Molti gruppi blues americani hanno deciso in tempi recenti di proporsi con un assetto scheletrico: il trio chitarra-chitarra-batteria per Demolition Doll Rods e Blues Explosion, il semplice duo chitarra-batteria per Bassholes, Immortal Lee County Killers, Black Keys, 20 Miles e White Stripes; ma è con Jawbone che questa tendenza viene portata alle estreme conseguenze, poichè dietro la sigla si cela addirittura una-sola-persona che ha registrato le qui presenti 14 tracce d’esordio nella cantina di casa sua a Detroit suonando live, quindi in contemporanea, una chitarra slide, un’armonica ed una percussione a pedale (per la precisione i due pedali della batteria: la grancassa ed il piatto…).
Il risultato è la musica ideale da portare con voi al prossimo rito voodoo nei boschi del Mississippi: un ruggito primitivo che rispetta la regola delle 12 battute blues ma calpesta tutte quelle del music business contemporaneo, come ad esempio l’esigenza di essere “moderni” e alla portata dei teen-agers. Se siete delle schiappe di diciott’anni, dunque, state attenti: nella musica di Jawbone non vuole esserci alcuna operazione di svecchiamento del blues, nè tantomeno la volontà di suonare punk-blues condito con Elvis Presley come fa Jon Spencer, e questo per un semplice motivo: nella cantina di Jawbone il punk non è stato ancora inventato, e probabilmente neppure Elvis è ancora nato!

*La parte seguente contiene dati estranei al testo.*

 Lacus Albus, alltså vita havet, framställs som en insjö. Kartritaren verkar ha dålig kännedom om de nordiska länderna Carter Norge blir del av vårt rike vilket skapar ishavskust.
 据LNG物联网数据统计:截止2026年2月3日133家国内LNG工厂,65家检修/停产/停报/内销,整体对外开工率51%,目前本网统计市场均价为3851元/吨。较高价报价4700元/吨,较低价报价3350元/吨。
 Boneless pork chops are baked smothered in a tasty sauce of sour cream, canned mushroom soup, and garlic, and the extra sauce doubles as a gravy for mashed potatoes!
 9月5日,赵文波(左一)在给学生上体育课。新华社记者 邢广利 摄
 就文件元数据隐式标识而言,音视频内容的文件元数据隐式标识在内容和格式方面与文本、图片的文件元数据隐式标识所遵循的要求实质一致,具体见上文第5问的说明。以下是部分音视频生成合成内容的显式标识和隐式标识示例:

I riferimenti di Jawbone sono piuttosto gli antichi bluesman neri che suonavano nelle bettole seduti su una seggiola come fa lui: Lightning Hopkins, Robert Johnson, John Lee Hooker, Leadbelly. La voce ringhia nel microfono allo stesso modo dei suddetti, l’armonica e la chitarra sono suonate da dio, il tamburo è volutamente primordiale, il suono è grezzo come quello che usciva dagli antichi transistor settant’anni fa, il blues è caotico, trascinante ed intenso al massimo grado possibile.

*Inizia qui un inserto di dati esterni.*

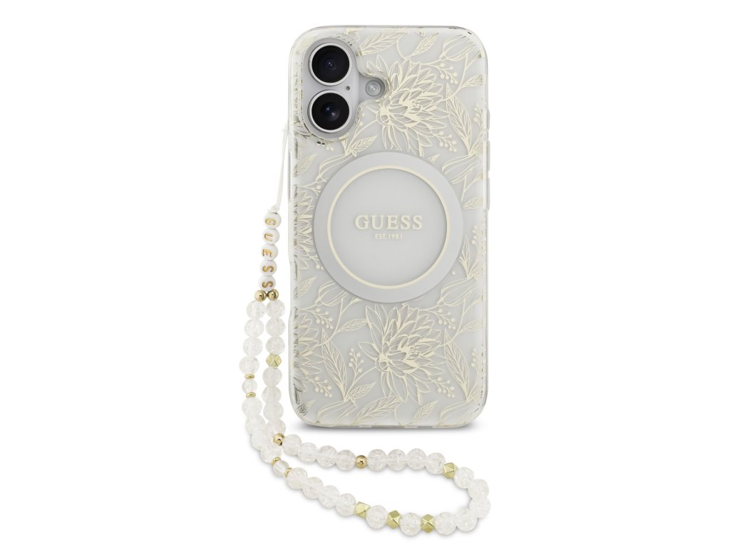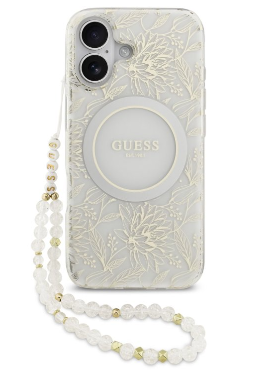 Elegantný MagSafe kryt Guess s kvetinovým dizajnom a pútkom, ktorý ochráni váš iPhone 17 a zároveň z neho urobí štýlový módny doplnok.
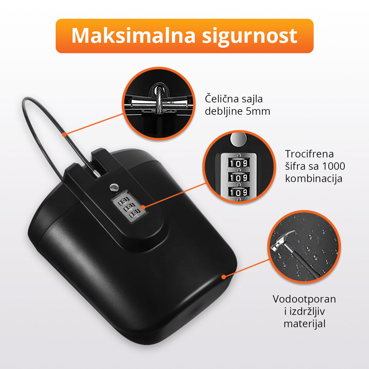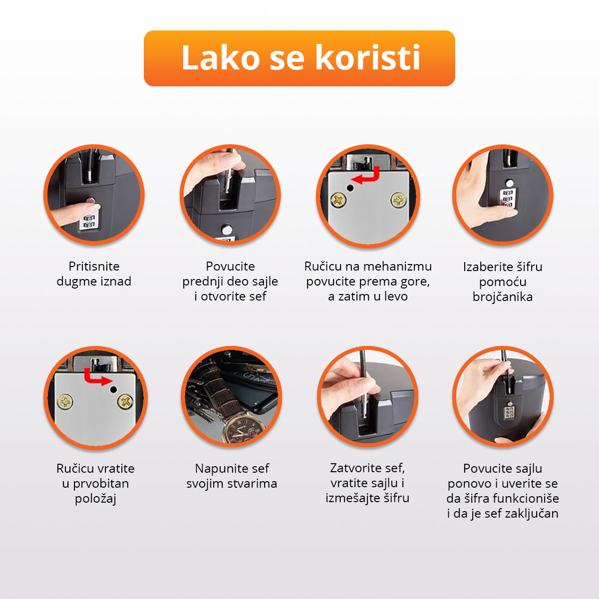 Sef je napravljen od kvalitetne ABS plastike i dovoljno je čvrst da zaštiti Vaše vredne stvari od neželjenih pogleda i ruku. Brava i sajla su napravljene od metala, tako da se ne brinite da će neko “u prolazu” i sa lakoćom doći do Vaših stvari.

Durante un giro promozionale in Gran Bretagna, Jawbone è stato invitato a registrare alla radio da John Peel per la BBC, e questo potrebbe essere un buon trampolino di lancio per lui; diverte infine osservare che la microscopica etichetta Loose abbia persino estratto un singolo dal disco: ‘Hi-de-fi’: un sozzissimo blues (ma c’era l’imbarazzo della scelta…) che sarebbe stato perfetto come canzone dell’anno ma… nel 1938, al massimo!